Our beliefs about what number comes next in the series cannot work, since subjective degrees of certainty say nothing about truth. Confirming observations affect the way we *feel towards the rule*, but they do not affect the rule *simpliciter*. Confirmations do not make theories *more* true. If the rule were true, we would *expect* to see these observations … but this is true for an infinite number of theories. Therefore, the nature of our beliefs when directed at our rules cannot determine a preference.

Confidence would be useful *only* when confident in the rules that correctly predict the next number in the series, and yet confidence may be held with all rules that have merely predicted the finite series of numbers. It is not *a priori* true, therefore it must be *a posteriori* true — but once again it can be know to be true in any case only retroactively: we can tell if our confidence matches the true rule only by exhausting the numbers in the series. And if the series is infinite …

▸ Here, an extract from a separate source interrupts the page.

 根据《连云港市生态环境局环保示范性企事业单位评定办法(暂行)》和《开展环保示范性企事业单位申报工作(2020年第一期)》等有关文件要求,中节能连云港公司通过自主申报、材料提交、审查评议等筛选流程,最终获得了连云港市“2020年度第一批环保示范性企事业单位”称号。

Now, assume that we’re dealing with the results of experiments designed to test some scientific theory. No more mathematical rules; now we’re dealing with theories that predict mass, degree, distance, etc. Furthermore, because of the nature of experiments, there’s always a margin of error. We don’t have 2, 4, 8, but 2.43, 4.71, 8.54 …

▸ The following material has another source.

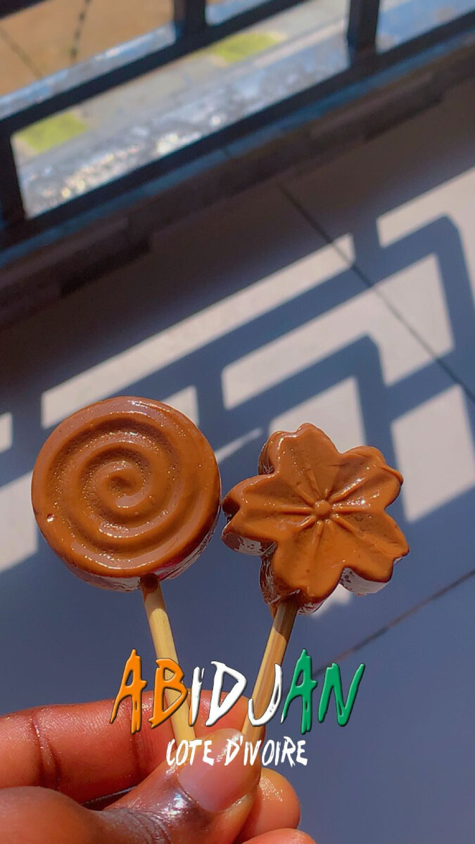 Découvrez nos sucettes en chocolat faits main, une gourmandise parfaite pour les amoureux de douceurs. Fabriquées en Côte d'Ivoire, elles allient design et saveur, idéales pour offrir ou se faire plaisir.

*Any finite set of observations allows for an infinite number of theories that (approximately) predict the finite set of observations*.

One might think that by increasing the number of tests we will get closer to the truth. This cannot be successful, since an infinite number of theories are equally (approximately) corroborated by the current set of tests at any time *t*. Therefore, even if we knew where we are and how we got here, we cannot know where we are going.

Conclusion: confirming observations tell scientists nothing new about the theories they entertain.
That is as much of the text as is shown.